Мы предлагали побеседовать снаружи, однако дед настойчиво зазвал нас в свое убогое жилище. Чтобы не обидеть его, нам пришлось уступить, но едва переступив порог, мы оба поняли, что сделали это зря.

Запах внутри был не из приятных. Воняло какой-то кислятиной, протухшей едой, затхлой сыростью и грязным бельем. Ко всему этому великолепию примешивалось тяжелое амбре из дешевого табака и застарелых алкогольных паров.

– Интересно, где он все это откопал? – прошептал я на ухо Марте, пока хозяин искал что-то в недрах низкого, покосившегося на правый бок шкафа.

– Нашел! – доставая на свет бутылку с мутной жидкостью, ликующе вскричал он. – Вот она, родимая! Гости у меня редко случаются, но бутылочка всегда припасена.

Он ласковым движением поставил ее на засаленный стол, смахнул на пол остатки заплесневелой еды и извлек откуда-то три разных стакана. Все они были одинаково грязны.

– О, простите, я не пью! – поспешила вставить Марта.

– Как это? – в недоумении уставился на нее дед. Казалось, он не в состоянии представить, что можно вот так запросто отказаться. – Обижаешь, пташка. Это чистейшая водка, лучшая в здешних местах. У меня друг сам ее делает. Не верите?

Он принялся рассказывать про своего приятеля и делиться подробным рецептом перегонки и очистки спирта, но не выдержав его бестолковой болтовни, я перебил:

– К сожалению, мы на работе. Нельзя, сами понимаете. – В дополнение к сказанному, я развел руками и постарался изобразить искреннее сожаление. – К тому же нам еще назад ехать, а сейчас везде патрули.

– Ну так оставайтесь! – в наивном простодушии воскликнул дед. – Переночуете, да поутру и назад махнете. У меня и пожрать найдется. Щас…
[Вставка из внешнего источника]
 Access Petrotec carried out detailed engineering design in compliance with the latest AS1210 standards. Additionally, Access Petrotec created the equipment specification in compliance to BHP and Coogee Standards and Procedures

Он подмигнул и опять полез в шкаф. Не дожидаясь, пока он начнет извлекать оттуда свои припасы, Марта мягко его остановила:

– Пожалуйста, не нужно! Мы правда не можем. Нам необходимо вернуться в город до темноты. Вы выпейте сами, а мы компанию составим.

– Да? – Он вперил в нее испытующий взгляд серых, будто обложенных белесой пленкой глаз и, похоже, ждал, что она передумает, но потом отошел от шкафа и засуетился по комнате. Отыскав стул, он предложил его Марте. – Ну тогда садись, садись, пташка. Не стой посреди комнаты.
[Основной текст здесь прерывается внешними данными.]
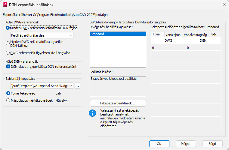 Az alapértelmezett leképezési beállítás a Standard, amely adatokat emel ki az éppen exportált rajzból, és a leképezési előnézetben látható módon automatikusan leképezi a DGN-fóliákat, a -vonalvastagságokat és a -színeket.
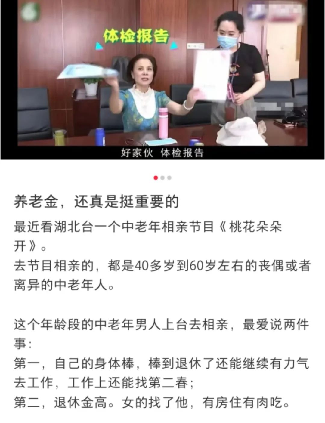 節目裏,有人一上來就甩體檢報告:“三高沒有,肝腎健康,不用你養”;

Мне он настойчиво сунул другой. С опаской его осмотрев, я сел, а дед наконец угомонился, подошел к столу и налил себе сразу полстакана той подозрительной мутной жидкости. Затем без промедления он сгреб стакан пальцами, выдохнул через левое плечо и с жадным наслаждением выпил.

– Эх, хороша-а-а, – вытирая рот рваным рукавом, протянул он. – Может все-таки и вам плеснуть?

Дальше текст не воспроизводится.